Two U-Nets are employed.
- Step 1. Train U-Net to segment thyroid nodules from original ultrasound images.
- Step 2. Crop the nodule region of interest (ROI).
- Step 3. Train the new U-Net based on ROI images.

This strategy obtains remarkable improvements during five-fold cross validation. However, the performance gains **do not** generalize to testing set.

### Pesudo label learning

- Step 1. Generate pseudo test set labels: using the baseline U-Net to segment the testing set.
- Step 2. Train a new U-Net based on test set images and the pseudo labels.
- Step 3. Finetune the trained U-Net on training set.


## Five-fold cross validation results (Dice)

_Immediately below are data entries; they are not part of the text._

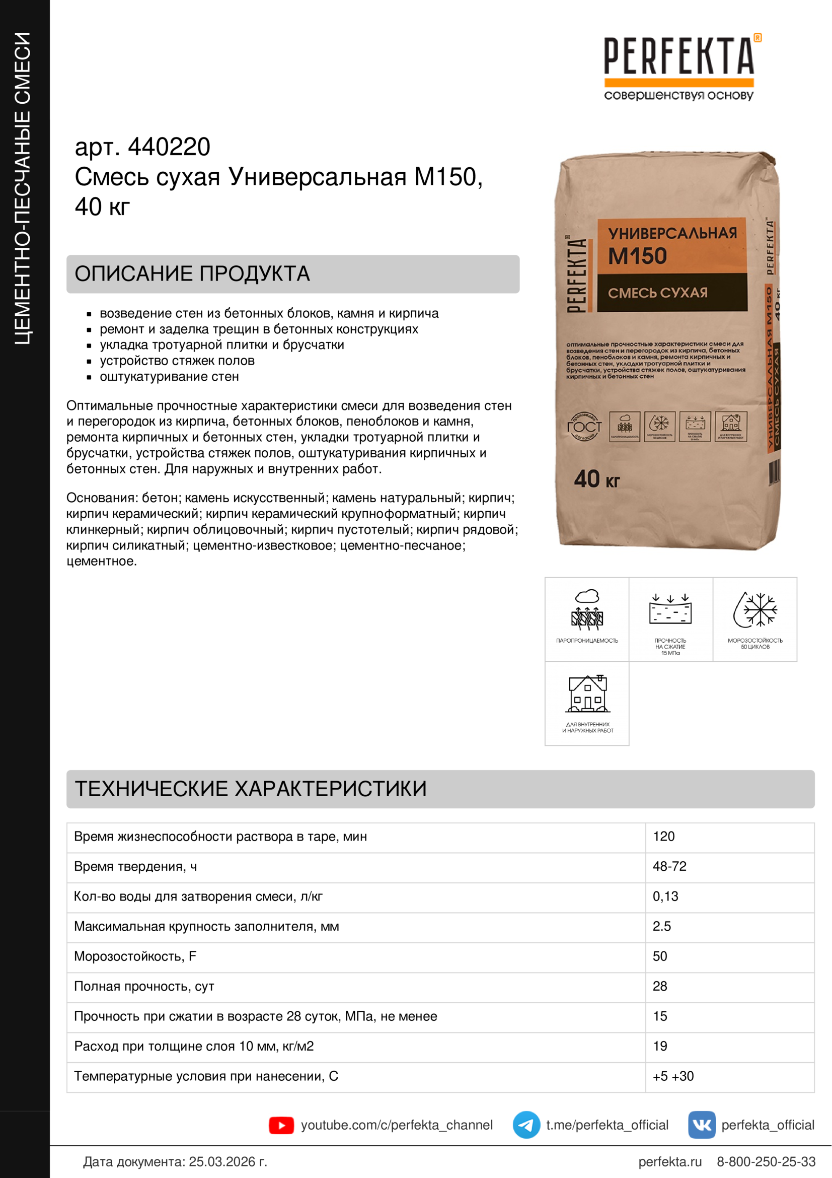 Оптимальные прочностные характеристики смеси для возведения стен и перегородок из кирпича, бетонных блоков, пеноблоков и камня, ремонта кирпичных и бетонных стен, укладки тротуарной плитки и брусчатки, устройства стяжек полов, оштукатуривания кирпичных и бетонных стен. Для наружных и внутренних работ.
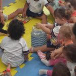 Foram confeccionados com as crianças dos berçários I e II, do C.M.E.I Profª Bernardete Maria Sedrez da Silva, no dia 24/03, garrafas sensoriais contendo água e peixinhos, representando aquários, visando desenvolver a coordenação motora, concentração, percepção visual e tátil. Essa vivência foi desenvolvida para trabalhar o tema Água.
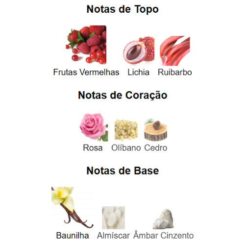 As frutas vermelhas trazem uma explosão suculenta e vibrante, abrindo a fragrância com um toque doce e alegre.
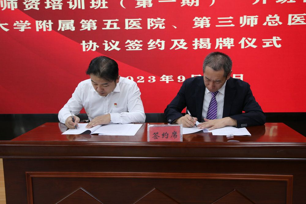 随后,附属第五医院与新疆生产建设兵团第三师总医院签订了“全科联盟合作协议书”,并在三师总医院挂牌“jinnianhui今年会附属第五医院 全科联盟成员单位”牌匾。今后双方将在全科医疗、全科教育、全科师资人才培养等多个方面开展合作。
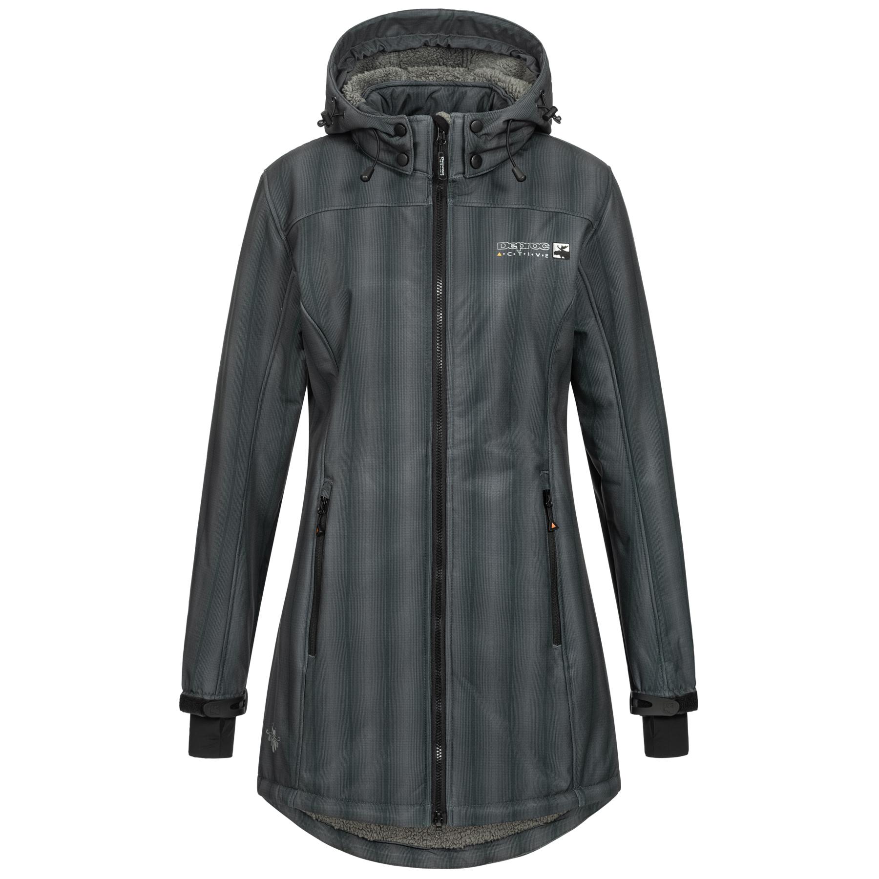 Der Keele Peak Softshellmantel für Damen ist ein besonders schicker atmungsaktiver Kurzmantel aus der Outdoorkollektion von Deproc. Elegant geschnitten ist der Kurzmantel das neue Lieblingsstück für die Wintersaison. An kalten Tagen wärmt das kuschelige hochflorige Fleece auf der Innenseite den Körper und fühlt sich auf der Haut wunderbar weich an. Der Mantel schützt bei eisigem Wind sogar die Hüfte und ein Stück weit die Oberschenkel. Der atmungsaktive Stoff auf der Außenseite besteht aus 96 % Polyamid und 4 % Elastan. Aufgrund des Polyamids ist die Oberfläche unempfindlich, winddicht und wasserabweisend. Der Elastananteil macht das Gewebe elastisch und bewirkt, dass der Stoff sich intensiven Bewegungen anpasst. Der atmungsaktive Softshellmantel von Deproc bietet diverse nützliche Details. So kann die Kapuze in der Weite verstellt und bei gutem Wetter abgenommen werden. Auf der Ärmelinnenseite sind Stulpen eingenäht, die für angenehme Wärme sorgen. Die zwei Außentaschen können sicher mit Reißverschlüssen verschlossen werden. Auch zwei größere Innentaschen gibt es. In einer weiteren kleinen Tasche auf der Innenseite ist Platz für das Handy.

| Fold | Naive U-Net | Cascaded U-Net | Pseudo label |
| :--: | :---------: | :------------: | :----------: |
|  0   |   0.8747    |     0.9132     |    0.8770    |
|  1   |   0.8873    |     0.9147     |    0.8882    |
|  2   |   0.8808    |     0.9123     |    0.8799    |
|  3   |   0.8701    |     0.9147     |    0.8771    |
|  4   |   0.8719    |     0.9105     |    0.8735    |

> Trained models are publicly available at [here](http://doi.org/10.5281/zenodo.3965648).

## Future

When beginning with a medical image segmentation challenge, many participants would take U-Net as their first try. Currently, such trained baseline models are not widely shared between participants due to privacy considerations. This might be a great waste of time and energy.

In the future segmentation challenges, we hope the trained baseline models can be freely shared by the organizers and participants at the beginning of the challenge, which could reduce repeatedly training the same models.


## Acknowledgment

We highly appreciate TN-SCUI 2020 organizers for the great challenge, and all authors of nnU-Net for the out-of-the-box method.